I have written at length about the miracle that happened to me and how I’ve started to resent the word, ‘miracle’. Today, I want to talk about the mundane as it pertains to said miracle. The first week I was awake, I wasn’t thinking about much of anything other than how the hell did I survive? My brother laid it out to me what happened and emphasized that I should not be alive. He wasn’t trying to be cruel–just matter-of-fact. It was a lot to try to understand, especially since I was still high as balls. Honestly, the only thing I really cared about was the ice water because it was ‘amazing’ in my words. I couldn’t stop gushing about it to anyone who came into my room. I insisted that every nurse bring me a new glass of ice water (usually meant they’d bring me a glass of water and a glass of ice), which meant I had several by the end of the day on my side table. The nurse (whichever was in my room at that moment) would ask if I wanted to get rid of any of the cups and I would be reluctant to let go of any of them–even if the ice had melted. That was my norm for my first few days in the hospital–asking for ice water. Actually, that was my norm for the whole week I was awake. I was obsessed with ice water and declared it amazing to anyone who would listen–and anyone who wouldn’t.

I talked to more people the week I was awake in the hospital than I have in the past several years combined. One of the people I talked to was the chaplain. I was chary at first because Christianity has been brutal to me, but he was very laid-back and chill. He didn’t try to shove the Christian God (with a capital G) down my throat  and was just there to listen to me babble about my experience. This was the third or fourth day I was awake, so I wasn’t completely out of my mind. I think he was one of the people who asked if I questioned why this happened to me. If so, my standard response is, “No. There’s no reason it shouldn’t have happened to me. I’m not special or exempt, and I didn’t take particularly good care of myself.”

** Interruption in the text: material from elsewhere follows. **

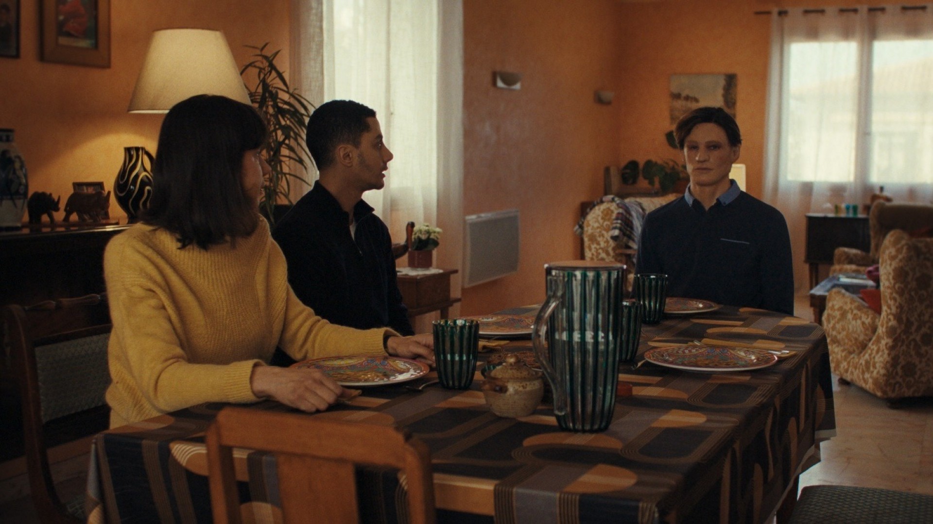 Hakim Atoui s’amuse de toute évidence avec cette tragi-comédie savoureuse et trash qui hybride les humeurs et les tons. Soit un déjeuner de famille. Une trinité cellulaire réunie – une mère, sa fille et son fils – et soudain révolutionnée par la présence d’un assistant médical pas comme les autres. Un safety robot contemporain, mais pas dernier cri, comme le dit la mater familias. D’où les dérapages incontrôlés et progressivement incontrôlables. La critique de la dérive possible de la toute-puissance technologique se double d’une immersion dans le cinéma de genre. Le réalisateur aime le glissement vers l’étrangeté. Dans son film suivant, Adieu soleil, c’est une éclipse solaire qui devient permanente et plonge le monde dans la pénombre. Il peut ainsi observer les comportements humains confrontés à l’inattendu et à leur propre dénuement. Que faire face au non maîtrisable ? Les protagonistes vont devoir agir en situation d’urgence totale, en mode survie, alors que leur repas a démarré en mode ironique, pour continuer par la note acerbe, avant de virer au règlement de comptes à la Festen.
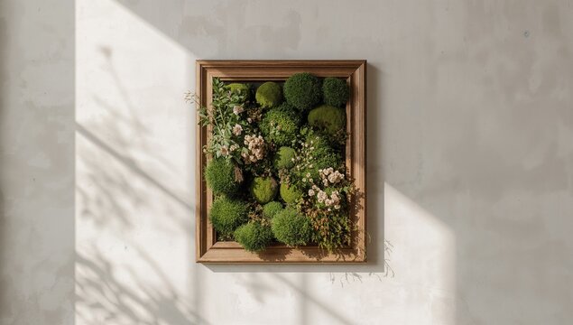 Decorative moss wall art with dried floral accents in a handcrafted wooden frame, designed for home styling

The part that got to me and still does is why I was lucky enough to return with so little damage. That’s the part I don’t get and has the power to drive me crazy if I let it. My nurse’s aide who does my hair (did it today for the last time) told me about a friend of hers who had a similar experience to mine when he was 49. Except he had to be revived 3 times and was in a coma for 29 days (I think it was around that much time). and he had necopathy in his lower legs that he still has to live with. He’s on permanent disability–and he used to be a hockey player when he was younger. He was fit and healthy when this happened to him; he’s not any longer.